Sequential, Index Sequential and Random files, File Organisations, Batch Processing, Real time

processing, Time sharing, Multi Processing, Multi Programming, Client Serves processing.

Fields: A field in Microsoft Access is a piece of information related to a single person or thing. Related fields are grouped together to form a record.

Records: In a database, a record (sometimes called a row) is a group of fields within a table that are relevant to a specific entity. For example, in a table called customer contact information, a row would likely contain fields such as: ID number, name, street address, city, telephone number and so on

Files:

A file is a logical collection of information stored on secondary storage such as hard disk. Physically, a file is the smallest allotment of secondary storage devices e.g. disk. Logically, a file is a sequence of logical records i.e. a sequence of bits and bytes. Files can be used to contain data and programs (both source and object program). Data files can be numeric, alphabetic, alphanumeric or binary. A file has various attributes like name, type, location, size, protection, time and date of creation etc.

Type of files:

In order to support different types of files, operating systems support two part file names. The two parts are: name and an extension. Both are separated by a period (dot). For example, a name of a file can be program C.

File Type	Extension	Meaning
Execute file	.exe, .com, .bin	Read to run machine language program
Object file	.obj, .o	Compiled, machine language but not linked
Source code file	.c, .cc, .java, .pas, .asm, .a, .ftn	Represents source code in different languages such as c, java, pascal, assembly language of fortran.
Batch file	.bat, .sh	Command to the command interpreter.
Text file	.txt, .doc	Documentation
Library file	.lib, .dll	Libraries of routines for programmers
Backup file	.bak	Used for taking backup of some program file
Multimedia file	.mpeg, .mov, .rm	Binary file containing audio or audio/video information

Access Methods:

Files are used to store data. The information present in the file can be accessed by various methods. Thus, the way of retrieving data from a file is known as access method. Different systems use different access methods. The various access methods used are:

1. Sequential access

It is the simplest and most commonly used access method. Information in the file is accessed in the order it is stored in the file i.e. one record after the other. Starting at the beginning to the end of the file.

2. Direct access

In direct access method it is possible to access the records of a file in any order. The various records can be read or write randomly. In this way the records can be accessed by key, rather than by position.

3. Indexed access

In this method, an index is created for the file. This index contains pointer for various blocks of a file, just like a index in a back of a book. If we want to find a record of a file, first the index is searched and then the pointer from index is used to access that file. In this way, a required record is found.

File Organisations

It is used to determine an efficient file organization for each base relation. For example, if we want to retrieve student records in alphabetical order of name, sorting the file by student name is a good file organization. However, if we want to retrieve all students whose marks is in a certain range, a file ordered by student name would not be a good file organization. Some file organizations are efficient for bulk loading data into the database but inefficient for retrieve and other activities.
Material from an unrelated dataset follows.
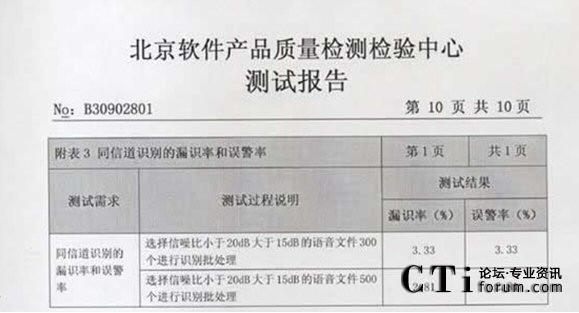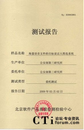 CTI論壇(ctiforum)06月25日消息: 2009年3月02-10日:北京軟件產(chǎn)品質(zhì)量檢測(cè)檢驗(yàn)中心對(duì)《海量語(yǔ)音文件的目標(biāo)說(shuō)話(huà)人篩選系統(tǒng)》進(jìn)行了全面測(cè)試包括用戶(hù)文檔、功能性、可靠性、易用性、可維護(hù)性等多個(gè)特性。測(cè)試結(jié)果表明《海量語(yǔ)音文件的目標(biāo)說(shuō)話(huà) 2009年3月02-10日,北京軟件產(chǎn)品質(zhì)量檢測(cè)檢驗(yàn)中心對(duì)《海量語(yǔ)音文件的目標(biāo)說(shuō)話(huà)人篩選系統(tǒng)》進(jìn)行了全面人篩選系統(tǒng)》滿(mǎn)足軟件相關(guān)國(guó)家標(biāo)準(zhǔn)中的要求,系統(tǒng)在模擬測(cè)試環(huán)境中運(yùn)行正常、穩(wěn)定,正式通過(guò)北京軟件產(chǎn)品質(zhì)量檢測(cè)檢驗(yàn)中心的嚴(yán)格測(cè)試,系統(tǒng)的漏識(shí)率和誤警率分別達(dá)到了2.81%和 2.81%。

Types of File Organization

In order to make effective selection of file organizations and indexes, here we present the details different types of file Organization. These are:

• Heap File Organization: An unordered file, sometimes called a heap file, is the simplest type of file organization.

Records are placed in file in the same order as they are inserted. A new record is inserted in the last page of the file; if there is insufficient space in the last page, a new page is added to the file. This makes insertion very efficient.

• Hash File Organization: In a hash file, records are not stored sequentially in a file instead a hash function is used to calculate the address of the page in which the record is to be stored. The field on which hash function is calculated is called as Hash field and if that field acts as the key of the relation then it is called as Hash key.

• Indexed Sequential Access Methods (ISAM) File Organization: In an ISAM system, data is organized into records which are composed of fixed length fields. Records are stored sequentially. A secondary set of hash tables known as indexes contain "pointers" into the tables, allowing individual records to be retrieved without having to search the entire data set. It is a data structure that allows the DBMS to locate particular records in a file more quickly and thereby speed response to user queries.

• B+- tree File Organization: B+-tree is a more versatile storage structure than hashing. It supports retrievals based on exact key match, pattern matching, range of values, and part key specification. The B+-tree index is dynamic, growing as the relation grows.

• Cluster File Organization:

Some DBMSs, such as Oracle, support clustered and non-clustered tables. Clusters are group of one or more tables physically stored together because they share common columns and are often used together.

Indexed Clusters

In an index cluster, records with the same cluster key are stored together. Oracle suggests using indexed clusters when:

• Queries retrieve records over a range of cluster key value;

• Clustered tables may grow unpredictable.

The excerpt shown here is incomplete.